Far from it. Human greed, emotion, fear, distress, etc. all
get to take turns driving the financial market pricing bus.
We just hope to be smart enough to know when a reckless driver has
the wheel.
We’ve been talking a lot
about the equity market as of late. Time to take a much
needed and very important detour in this discussion. Right
to the point, we want to review the character of the credit market
as we currently see it. Certainly a general sense of
optimism has risen as the equity market has levitated as of late.
And that sense of optimism engenders the thinking that the economy
and general financial markets conditions MUST be getting better
because rising equities are simply foreshadowing such as outcome.
In other words, history has taught us that equities lead and so if
equities are rising, the implication is better days lie ahead.

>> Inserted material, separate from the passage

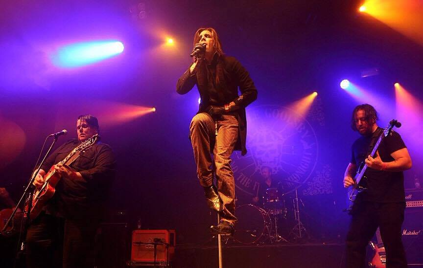 Argyle Goolsby performing at the Wave-Gotik-Treffen annual world festival in Leipzig, Germany.

But in the current cycle, we all know that credit market issues
have been the locus of distress and the exact cause for a dramatic
loss of wealth in financial assets really globally. So
although it’s certainly fun to watch the equity markets romp
higher, it’s the credit markets that deserve a really big piece
of our attention. As we see it, better days lie ahead as a
generic comment when both the equity and credit markets are
healing in simultaneous fashion.
Before jumping into some data
and historical relationships one more quick comment. A very
cursory and superficial glance at a number of key credit market
relationships could indeed lead one to believe that the healing
process for the credit markets has also begun. But as we
look at the facts underlying a number of headline credit market
indicators a different picture emerges entirely. A much
different picture. For as we look at the data, we believe
the bottom line is that the Fed has all of its fingers stuck in
the holes of the macro credit market dike. At least up to
now, this multiple fingers in the dike approach by the Fed and
friends to dealing with very meaningful credit market issues can
indeed create the superficial perception that the initial
rumblings of healing are upon us. But we believe a number of
these “managed” credit market indicators have created a
misperception about the supposed recovery of the credit markets in
the broader and more important sense. Although we’ll walk
through the data piece by piece, as we see it the credit markets
are far from healthy and not recovering as per the perceptions
embedded in the current run in equities. If there is to be
an Achilles Heel in the equity rally of the moment, it’s the
reality of the
US
credit markets. Let’s get right to it.
First necessary stop to lay the
groundwork is a review of the highlights of the Fed current
balance sheet as of the middle of April. Have a look and
we’ll have some quick comments.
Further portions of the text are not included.